• Collected material
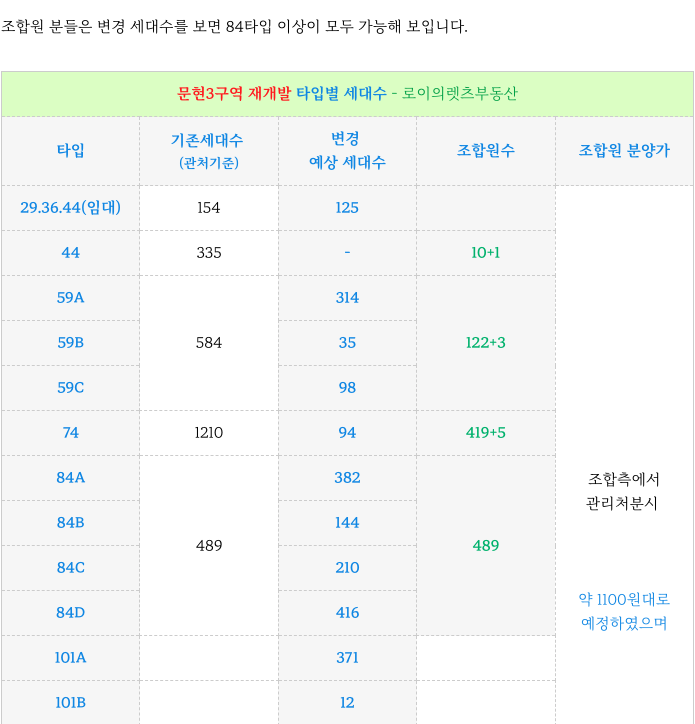 조합원 분들의 의견을 수렴하여 설계 변경과 이에 따른 타입별 세대수 변경을 진행중에 있으며
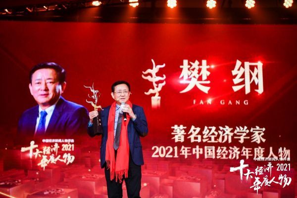 经济日报原总编辑冯并、中国经济传媒协会会长赵健作为开奖嘉宾,为樊纲开启“2021中国经济年度人物”奖。
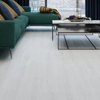 Это покрытие толщиной 8 мм, порода дерева - дуб, без фаски. Брашированная поверхность ламината имеет светлый оттенок и матовый блеск.
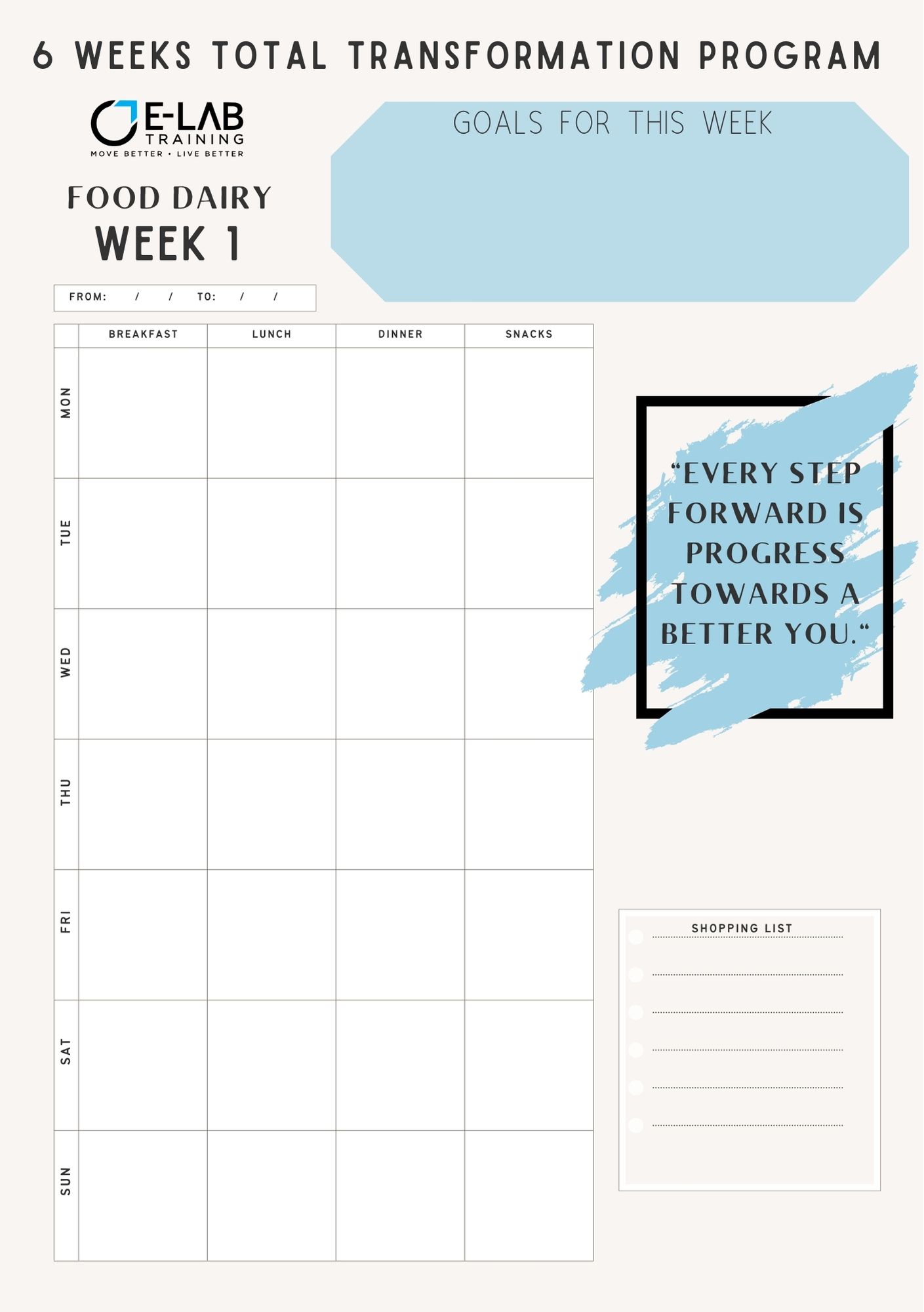 3. Diet and supplementation – read the nutrition booklets and set up your eating and supplementation plan. Utilise food diaries only if you feel it necessary.

• Work item
Drop every image, please, and write out the data above exactly as shown.

• Result for this exercise
 조합원 분들의 의견을 수렴하여 설계 변경과 이에 따른 타입별 세대수 변경을 진행중에 있으며
 经济日报原总编辑冯并、中国经济传媒协会会长赵健作为开奖嘉宾,为樊纲开启“2021中国经济年度人物”奖。
 Это покрытие толщиной 8 мм, порода дерева - дуб, без фаски. Брашированная поверхность ламината имеет светлый оттенок и матовый блеск.
 3. Diet and supplementation – read the nutrition booklets and set up your eating and supplementation plan. Utilise food diaries only if you feel it necessary.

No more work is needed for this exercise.